In summary, given the overproduced ROS levels and disordered microbiota in the intestinal microenvironment of GI tract–related diseases, we prepared a platform of HPN-NE-EcN capable of preventing and mitigating the detrimental effects associated with IBDs. The HPN nanoparticles, self-assembled from the synthesized molecule of HA-PPS, exhibited potent ROS-scavenging capability and could protect colonic epithelial cells, as well as the microbiome, including EcN and E. coli K12 strains from oxidative stress–induced damages. The commensal bacteria of EcN that are beneficial for regulating the balance of intestinal flora were further encapsulated with the NE layer on their surface.
The generated NE layer provides EcN resistance against a variety of environmental assaults to improve viability in oral delivery. Moreover, the mucoadhesive capability of the NE layer endowed the EcN bacteria with prolonged retention time in the intestine for enhanced therapeutic efficacy. Furthermore, the probiotic EcN is an effective colon-targeted carrier due to the natural colon tissue colonization property. Thus, except for the intestinal flora modulation property of EcN, the generated platform of HPN-NE-EcN by conjugating HPN on the surface of EcN via a ROS-responsive linker could also effectively deliver HPN to inflammatory colon tissues for targeted ROS scavenging. Moreover, the prolonged retention time of HPN-NE-EcN due to the mucoadhesive capability of the NE layer decreased the clearance of HPN for persistently scavenging ROS in colon tissues.

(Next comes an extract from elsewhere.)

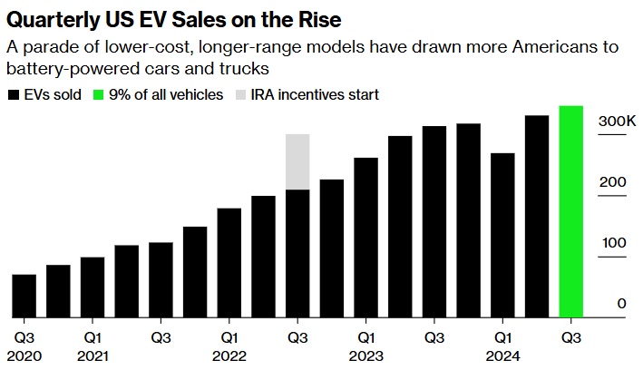 尽管人们都在谈论美国的电动汽车增长放缓,但第三季度的销售情况表明,有一大群司机只是在等待更实惠的选择,或者等待知名品牌的新电动汽车。考克斯汽车公司(Cox Automotive)的数据显示,美国司机在7月、8月和9月共购买了346,309辆电动汽车和卡车,较上一季度增长5%,较上年同期增长11%。今年第三季度,电动汽车占美国新车销量的9%,创历史最高水平。考克斯认为,每10辆汽车中就有1辆是电动汽车,这一目标“完全可以实现”。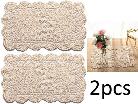 2 Pcs Handmade Rectangle Doilies, 2-Piece Handmade Crochet Cotton Doilies Lace Table Crochet

Notably, the NE layer–coating strategy can be adapted to encapsulate other live cells for cytoprotection, and the NE layer coating, as well as HPN conjugation, would not affect the growth and proliferation of EcN. Meanwhile, the HPN nanoparticles could self-degrade after completely reacting with ROS due to the physicochemical transformation of PPS from hydrophobic to hydrophilic, and this improves the safety profile of this approach. The synergized effectiveness of HPN-NE-EcN for simultaneously scavenging ROS and modulating microbiota homeostasis in colonic microenvironments provided significantly enhanced prophylactic and therapeutic efficacy against DSS-induced colitis. Because of the studies reported that many E. coli strains including EcN have the possibility of pathogenicity to promote colon cancer (46), the safety of the EcN strain developed in this study needs to be further evaluated before clinical applications, and the strategy needs to be tested with other beneficial bacteria as carriers for further translation.